Possibly part of furnishings made for Marie-Antoinette's Trellis Bedchamber at the Petit Trianon, near Paris [see note 1]. 1794-1796, probably acquired in Paris by James Swan, Boston, MA [see note 2]; after 1796, with his wife, Hepzibah Clark Swan (d. 1825), Dorchester, MA; 1825, after her death, by inheritance to one of her three daughters [see note 3], and eventually inherited by a descendant, Mrs. Helen Hudson Whipple; 1960, sold by Mrs. Helen Hudson Whipple to the MFA for $1,500. (Accession date: April 14, 1960)

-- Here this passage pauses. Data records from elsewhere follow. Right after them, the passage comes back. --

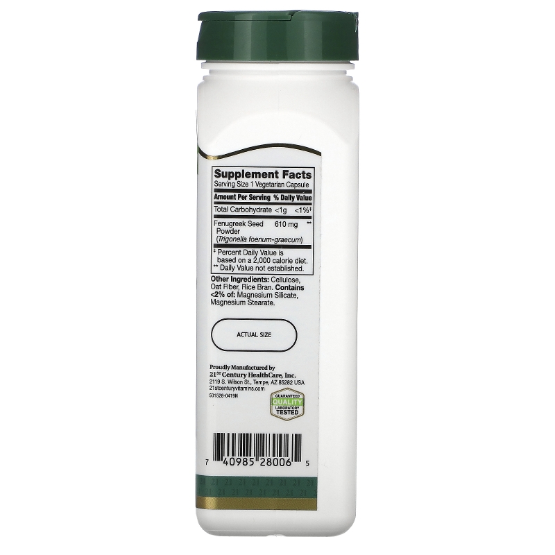 21st Century, Whole Herb Fenugreek, 610 mg, 100 Vegetarian Capsules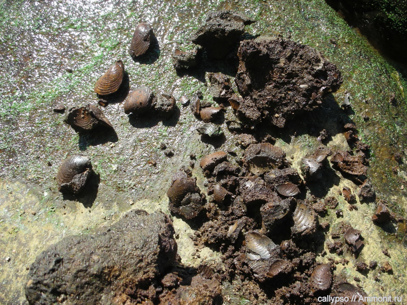 Только-что разбитая конкреция железистого песчаника и извлечённые из неё бУхии, проходящие просушку на солнышке.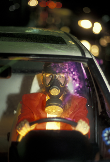 Femme portant un masque à gaz au volant d’une voiture la nuit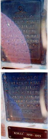 This memorial to the local war dead and veterans of the First and Second World Wars and the Korean War was erected by Royal Canadian Legion Branch No. 205.

 Several hypotheses concerning the early provenance of this chest of drawers, along with a fall front secretary (MFA 1979.484), are provided by Jeffrey Munger in "Royal French Furniture in 18th Century Boston," p. 121-124.  James Swan was a merchant established in Paris, and was appointed an official agent for the purchase of supplies in the United States in 1794 by the French Government. His partner was Johann-Caspar Schweizer, a Swiss. According to Howard Rice, the French Government placed at his disposal luxury goods to be exchanged in America for food supplies and war materials. The Swan and Schweizer agency shipped these articles to the United States between 1794-1795, where much of it was sold. However, this piece was among those that Swan kept for his personal use. See H. Rice "James Swan, Agent of the French Republic 1794-1796" The New England Quarterly, Vol. X, No. 3, Sept. 1937, p. 464-486.  The three daughters of James and Hepzibah Swan were Mrs. John T. Sargent, Mrs. William Sullivan, and Mrs. John C. Howard, all of Boston, MA.